Kan Brussel nog zonder de EU? Kwart van Brusselse economie berust op internationale instellingen

De Brusselse economie heeft de EU hard nodig. Bijna een kwart van de omzet van het Brussels Gewest is immers afkomstig van de aanwezigheid van Europese en internationale instellingen, en van lobby’s. Dat blijkt uit een recent onderzoek van drie onderzoekers van de VUB, bericht onder meer de zakenkrant L’Echo.

Waarom is dit belangrijk?

Tot nu toe kon de impact van de Europese instellingen op de economie niet nauwkeurig worden berekend.
  • De onderzoekers voerden de studie uit in opdracht van het Commissariaat voor Europa te Brussel.
  • De studie omvat de instellingen van de Europese Unie (Commissie, Parlement en Raad) en de 26 geassocieerde agentschappen, alsook 22 internationale organisaties die in Brussel aanwezig zijn.
    • Daaronder scharen de onderzoekers de NAVO, de Benelux-landen, de Verenigde Naties, het Internationale Rode Kruis, enz.
    • Ook de diplomatieke sector (ambassades en consulaten) en de lobby’s die in het transparantieregister van de EU zijn opgenomen, werden in aanmerking genomen.

Specifieke methode

Onlangs heeft het Brussels Instituut voor de Statistiek en de Analyse (IBSA) een specifieke methode ontwikkeld om gegevens te verzamelen over internationale en Europese instellingen.

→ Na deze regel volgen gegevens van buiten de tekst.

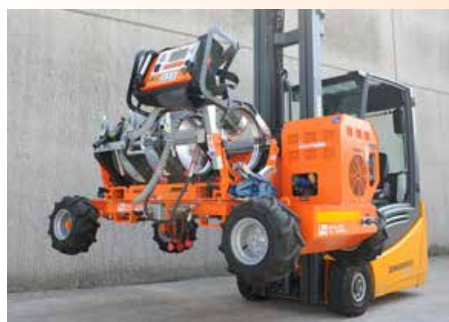
Delta 355 All Terrain lifting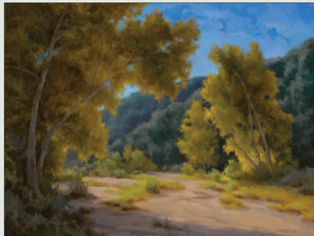
"Sycamores Graceful and Glowing"

We look forward to seeing you May 3rd and 4th!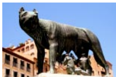
The Capitoline Wolf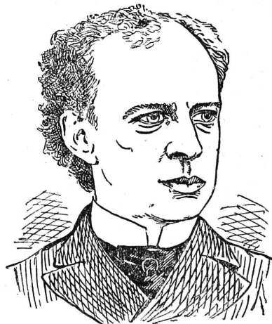
THE HONORABLE WILFRID LAURIER.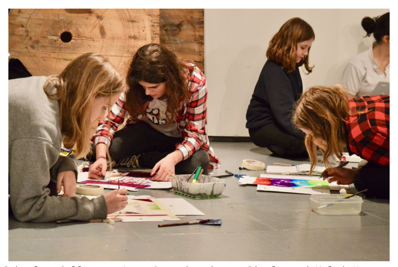
Schools, Colleges, Arts Organisations: Single and Multi-Users From £42

AccessArt is a UK Charity and we believe everyone has the right to be creative. AccessArt provides inspiration to help us all reach our creative potential.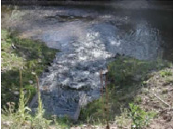
City of Laramie

The Aquifer supplies approximately 50-60% of the City's water supply depending on the time of year and 100% of the water to approximately 450 rural residences in Albany County.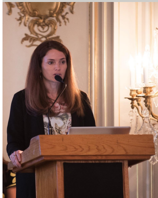
New York University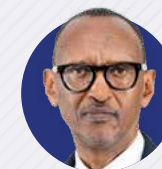
H.E. PAUL KAGAME

Second Lady of Ghana, CEO of Samira Empowerment and Humanitarian Projects (SEHP)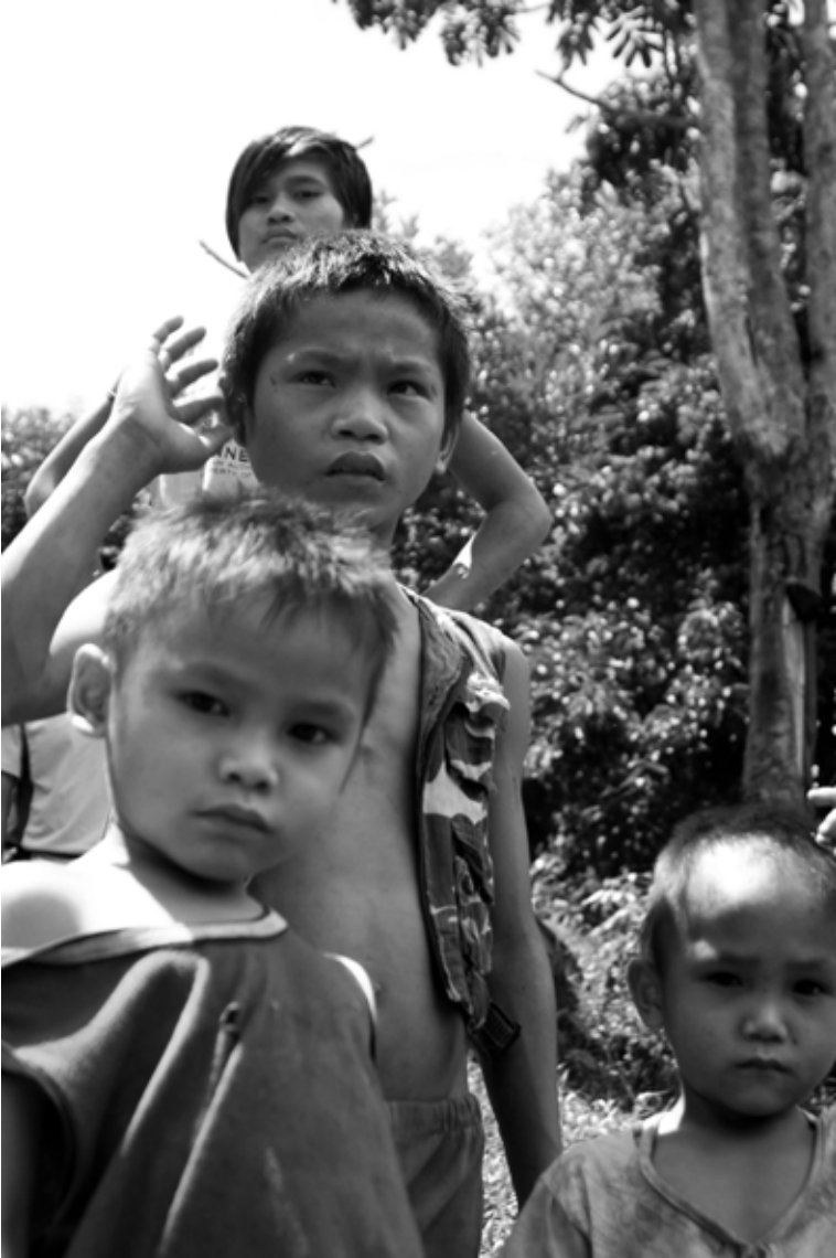
Penan children by the river.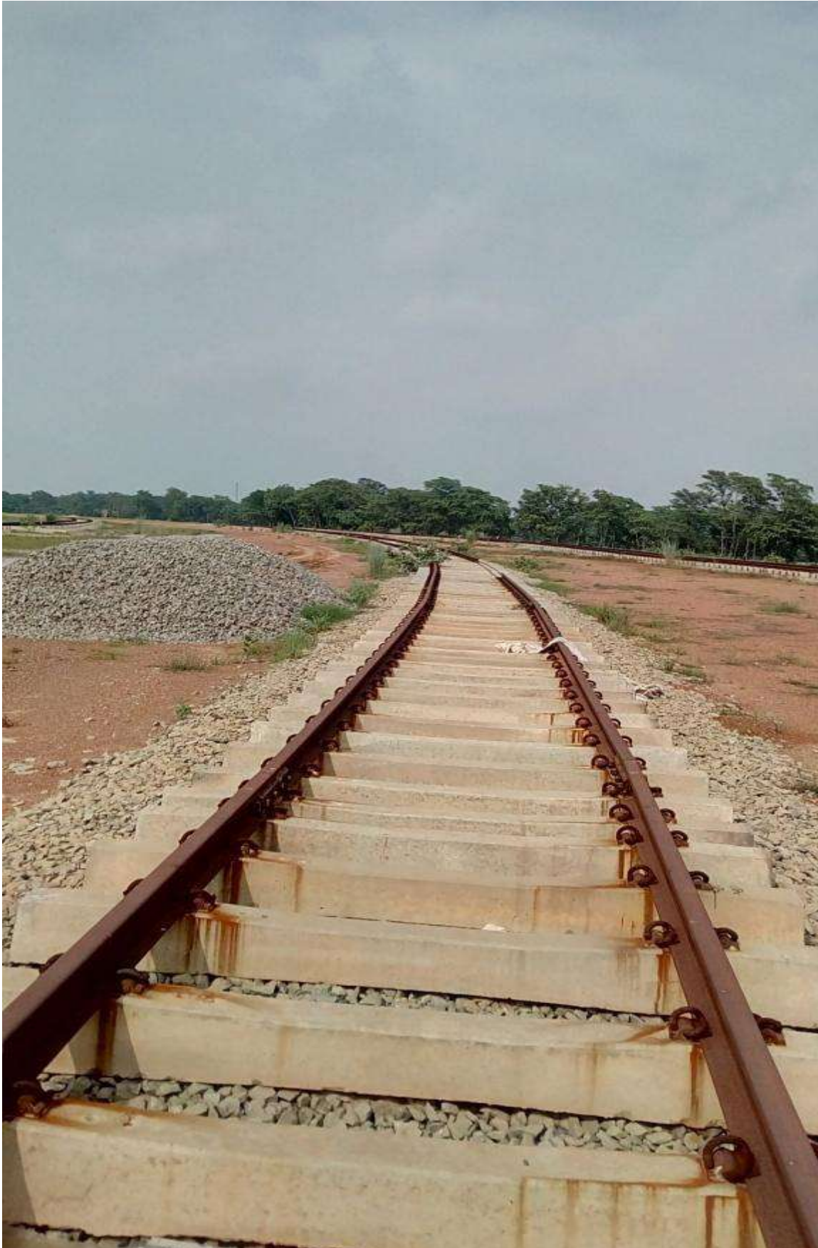
Railway siding –Linking works under progress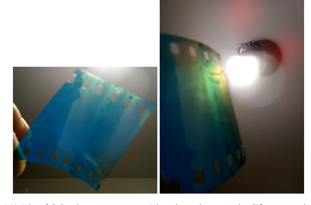
Fig's. A Knight of Columbus, transporter right edge column; and a Gift present, lensless holofilm under a lightbulb indoors,. The Knights' of Columbus showing me how to make the natural interactivity neuralink ornament sample: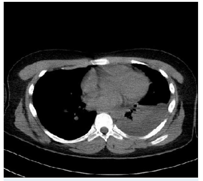
Figure-2: In mediastinal window section tomography of the lungs, pleural effusion in the basal segment of the lower lobe of the left lung, and atelectasis in the adjacent lung parenchyma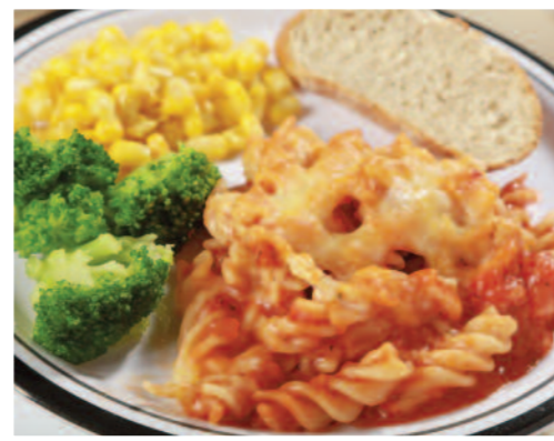
Cheese & Tomato Pasta served with Garlic & Herb Bread and Seasonal Vegetables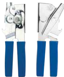
Front gears Back handle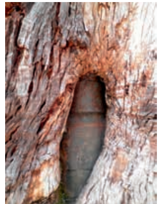
The Kelly Tree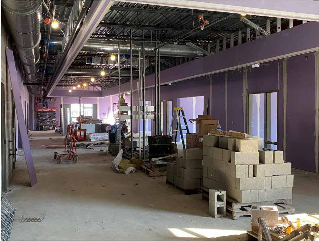
Drywall taping and finishing has started at the second-floor level of Area C.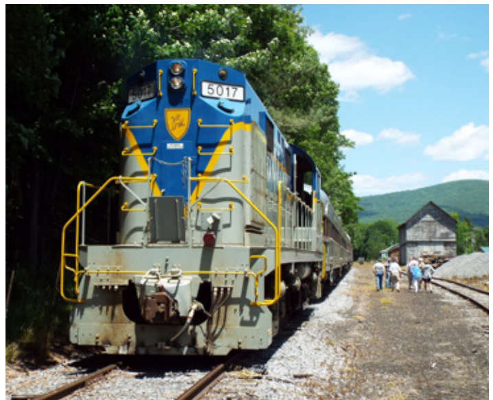
The Delaware & Ulster train lays over at the historic Roxbury, NY station & museum.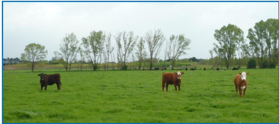
Masterton Rural, Akura 1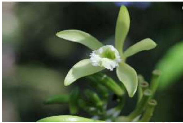
Fig1: Vanilla plantifolia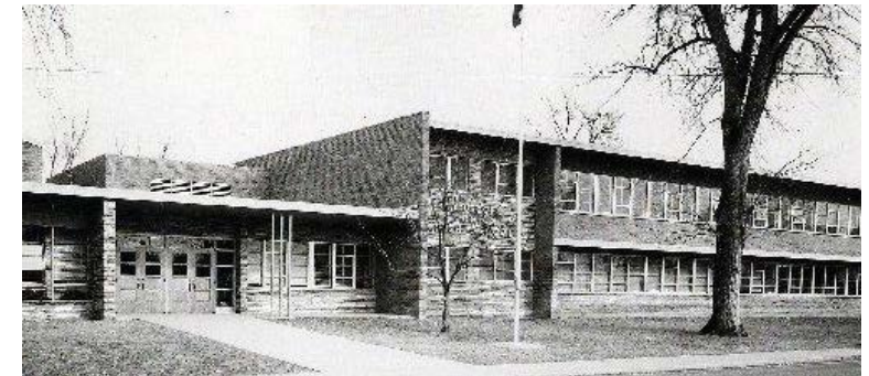
Truscott Elementary 211 W 6 th St (1957)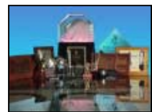
Customer Service Award.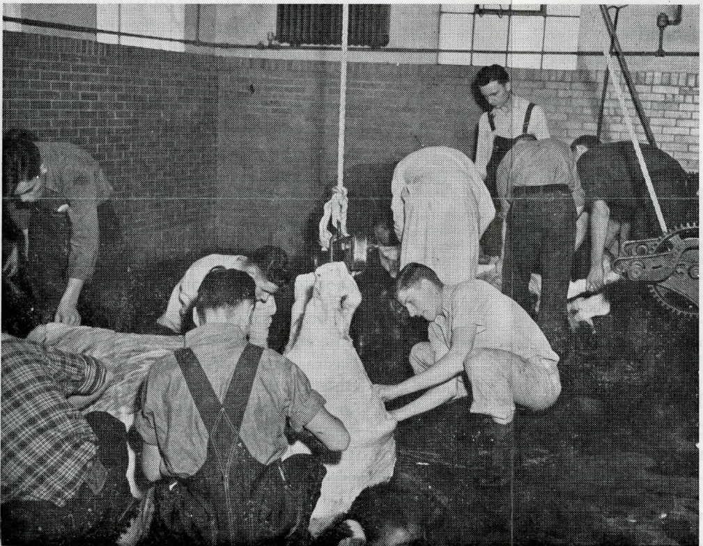
Students Receive Instruction in Farm Butchering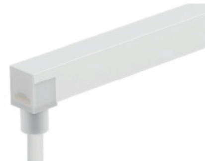
BOTTOM FEED Suffix .BF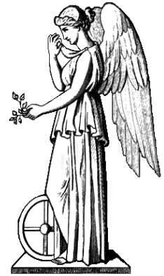
God's word says He gives His angels charge over us.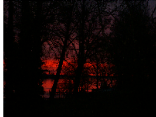
Sunrise on Aquia Creek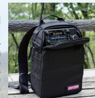
LC-192 Multi-function backpack

The IC-705 fits perfectly in the optional dedicated LC-192 multi-function backpack. It has various functions, such as holes for the antenna and holes for passing through coaxial cable and microphone cable. You can easily operate the IC-705 with it in the backpack.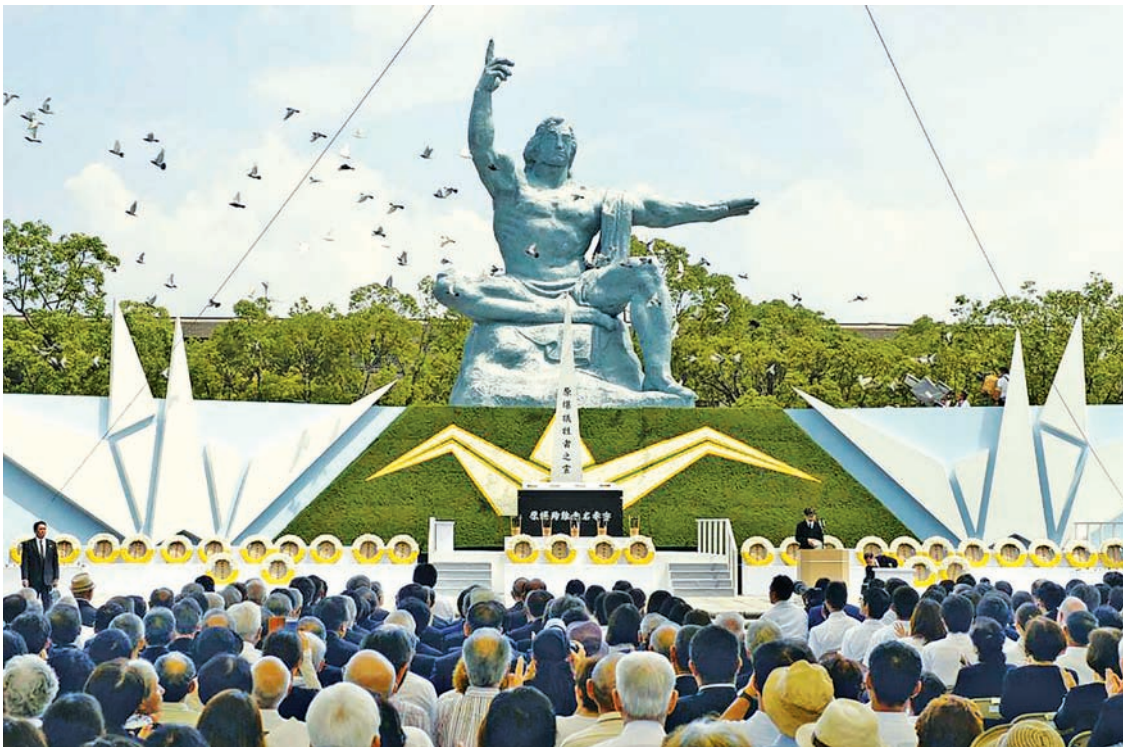
Doves fly over the Statue of Peace during a ceremony at Nagasaki Peace Park in Nagasaki, southern Japan Sunday, Aug. 9, 2015 to mark the 70th anniversary of the world's second atomic bomb attack. The atomic bomb attack on this city that left more than 70,000 dead and hastened the end of World War II exactly 70 years ago.

NAGASAKI, 9 Aug — The following is the text of a speech delivered by Prime Minister Shinzo Abe at a memorial ceremony in Nagasaki on Sunday marking the 70th anniversary of the U.S. atomic bombing of the city.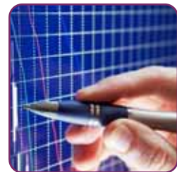
Turning a loss ...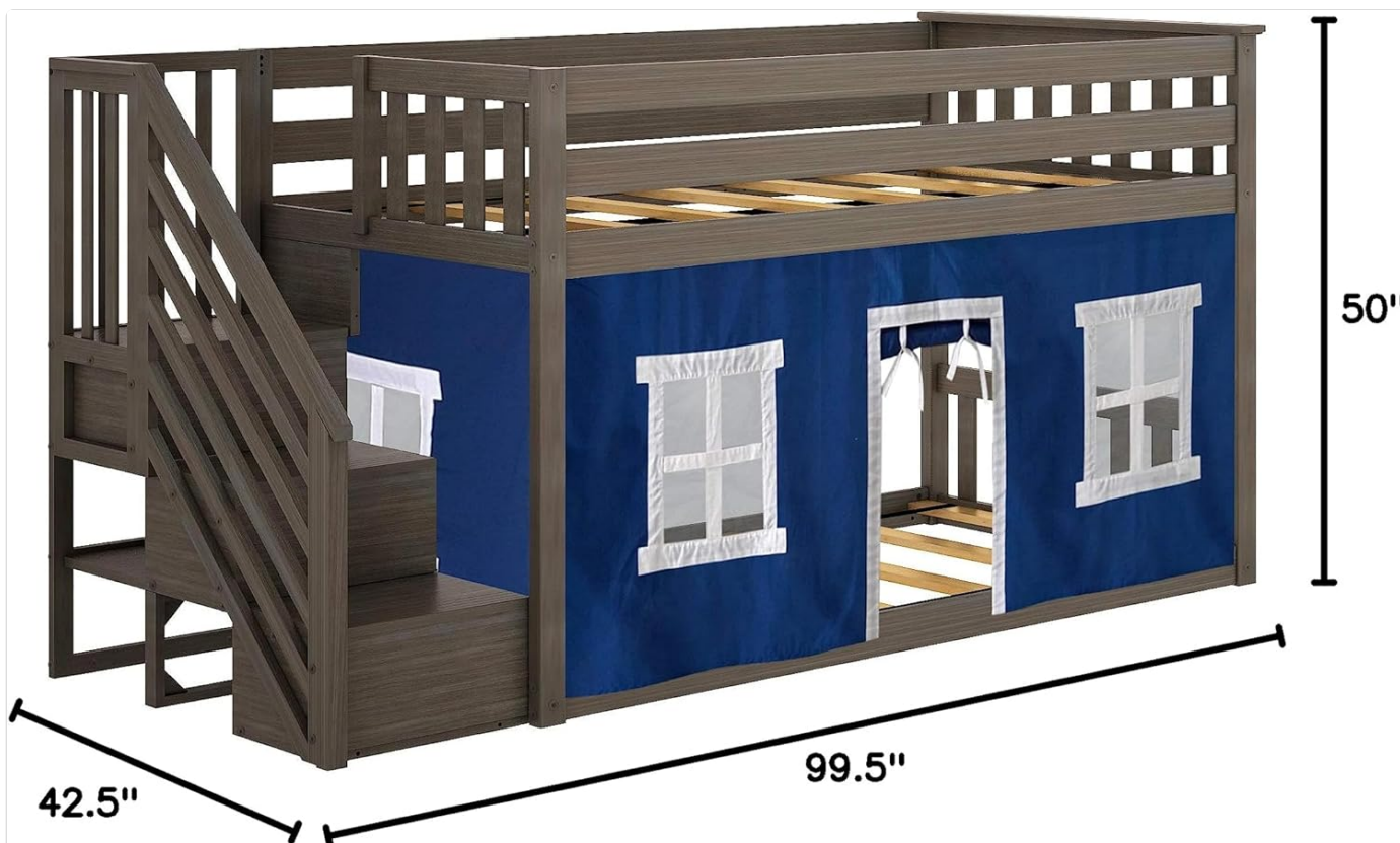
Image: Dimensional diagram of the Max & Lily Low Bunk Bed.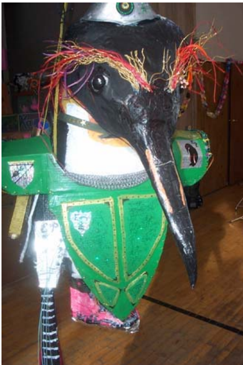
Piñata - December 2006

The Randolph School is founded on the belief that all children have a natural desire to learn. This desire is supported and nurtured in an environment in which each student's needs and interests are respected. Mutual trust between children and adults creates an atmosphere where students are encouraged to discover and explore their world. Work and play are focused on experiential, hands-on learning that is developmentally appropriate. We strive to balance the creative potential in the intellectual, social, emotional, artistic, and physical lives of children and young people. We believe that children who love to learn become life-long learners.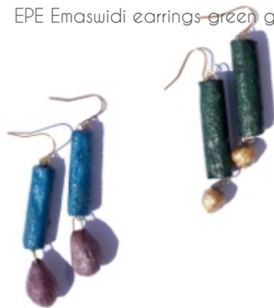
EPE Emaswidi earrings green gold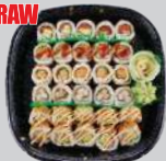
SPICY COMBO TRAY

5 pcs Spicy Crab Roll, 5 pcs Spicy Salmon Roll, 10 pcs Spicy California Roll, 10 pcs Spicy Tuna Roll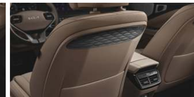
Seatback pocket (board type)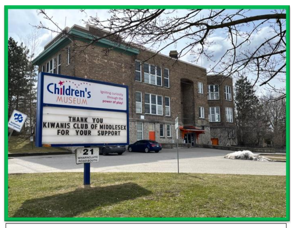
Sign in front of the current London Children's Museum thanking Middlesex Kiwanis for our support.

In the past 49 years, Middlesex members have raised money and participated in service projects in London as well as those projects initiated by Kiwanis International (such as the Neo-Natal Tetanus Project) and our District Aids Project. Middlesex will celebrate the 50th anniversary of receiving its charter in 2024.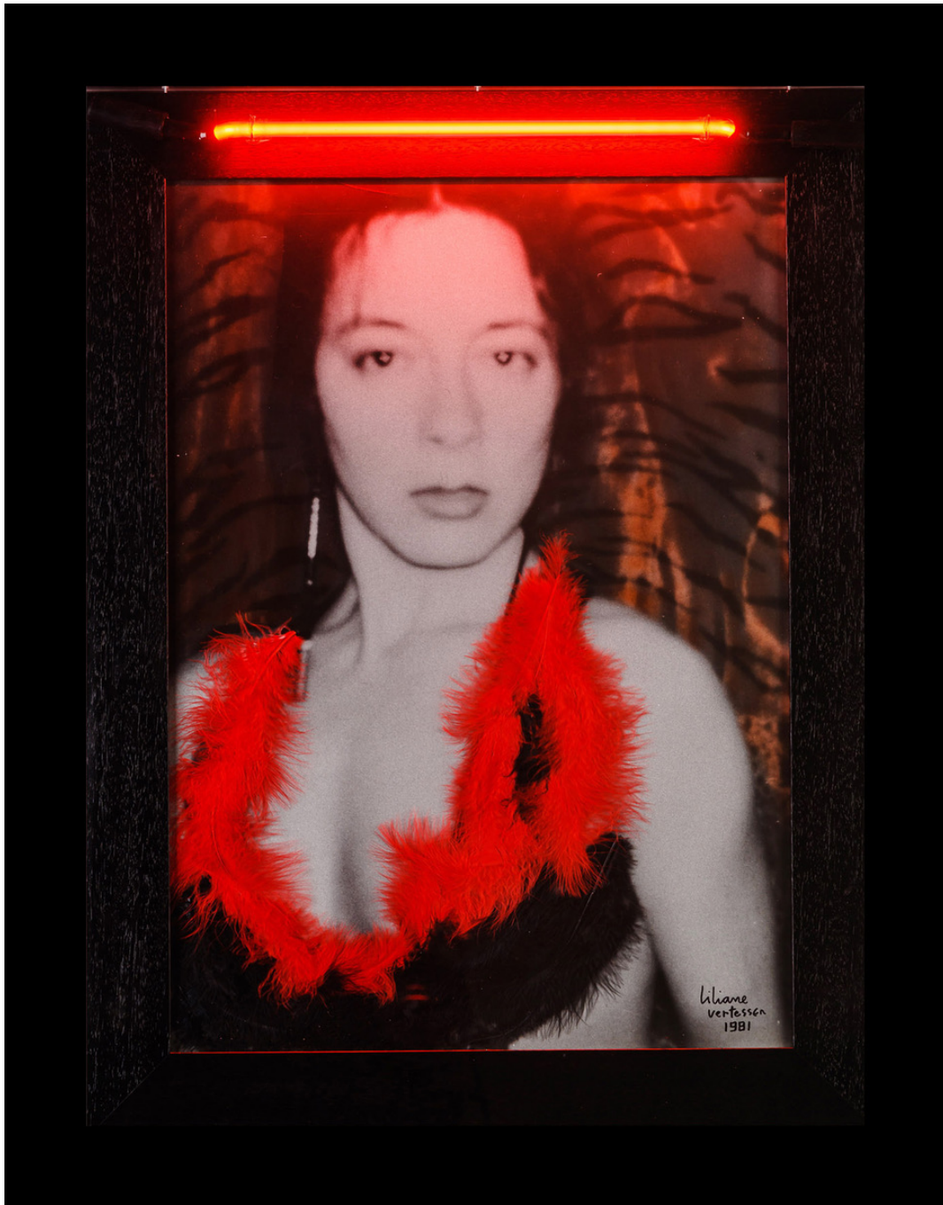
Stars in my eyes , 1981

black and white photo, red feathers, neon, wooden frame, perspex cap 33.07 x 25.2 x 4.72 in ( 84 x 64 x 12 cm )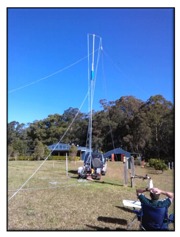
Trailer mast deployed and ready for action.

Now where was I, something about a contest, oh yes, we had a break then back to work. Something like an hour later we finished erecting the trailer mast and aerials. I mean that was surely coffee time, so Larry, again to the rescue, made brewed coffee and supplied a variety of home-made cakes and biscuits, we needed the sustenance if we were to get on air and slave over a hot radio.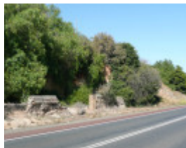
LIME-BURNING KILN SOHE 2008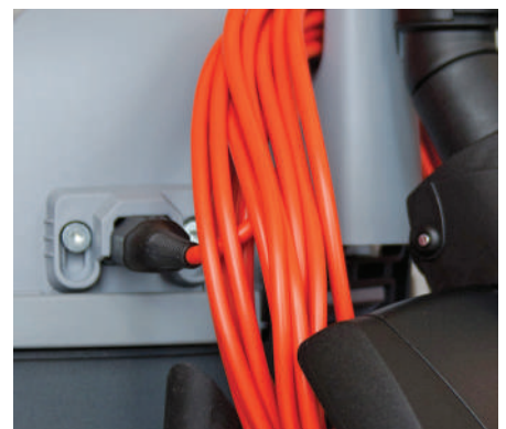
Detachable orange cord (VP300 HEPA)

Tot nu toe kon de impact van de Europese instellingen op de economie niet nauwkeurig worden berekend. Een organisatie als de NAVO, bijvoorbeeld, neemt geen militair personeel op in haar officiële statistieken, om voor de hand liggende veiligheidsredenen.

Concrete bevindingen

Het onderzoek leverde volgende concrete bevindingen op:

  • De economische effecten variëren tussen 22,8% en 26% van de omzet van Brussel en tussen 19% en 20,2% van de regionale werkgelegenheid.
  • In absolute cijfers komt dit neer op 137.000 banen, waarvan 64.385 directe banen.
  • De rest zijn indirecte banen die verband houden met de gevolgen voor de consumptie en de leveranciers van de instellingen.
    • Bijna een kwart van de omzet van het Brussels Gewest is dus het resultaat van input (de uitgaven van al deze instellingen en lobby’s) die hoofdzakelijk van buitenaf komt, aangezien België weinig bijdraagt aan de budgetten van Europese en internationale instellingen.

Ook positief voor Vlaanderen en Wallonië

De aanwezigheid van deze instellingen en lobbyisten in Brussel is ook positief voor Vlaanderen en Wallonië, hoewel de voordelen beperkter zijn.

  • De bijdrage aan de Vlaamse en Waalse economie worden op 1 à 2% geraamd, met 10.400 banen in het noorden en 7.400 in het zuiden.
    • “Als we bedenken dat deze effecten waarschijnlijk geconcentreerd zijn in de twee Brabants, wordt de absolute waarde vrij aanzienlijk,” benadrukt onderzoeker Nicola Francesco Dotti in L’Echo.

Conclusie: Hoewel de Europese instellingen vaak aan (Brusselse) kritiek onderhevig zijn, kan dus hun gigantische economische bijdrage niet veronachtzaamd worden. Maar de auteurs waarschuwen ook voor de risico’s die de arbeidsmarkt post-Covid met zich meebrengt, specifiek de brede acceptatie van het telewerken. In dat licht is de Europese Commissie voornemens de helft van haar huidige gebouwen tegen 2030 te verlaten.

“De internationale instellingen hebben massaal niet-Belgische werknemers naar Brussel gelokt, maar een ommekeer van deze tendens zou een domino-effect kunnen hebben voor de Brusselse economie.”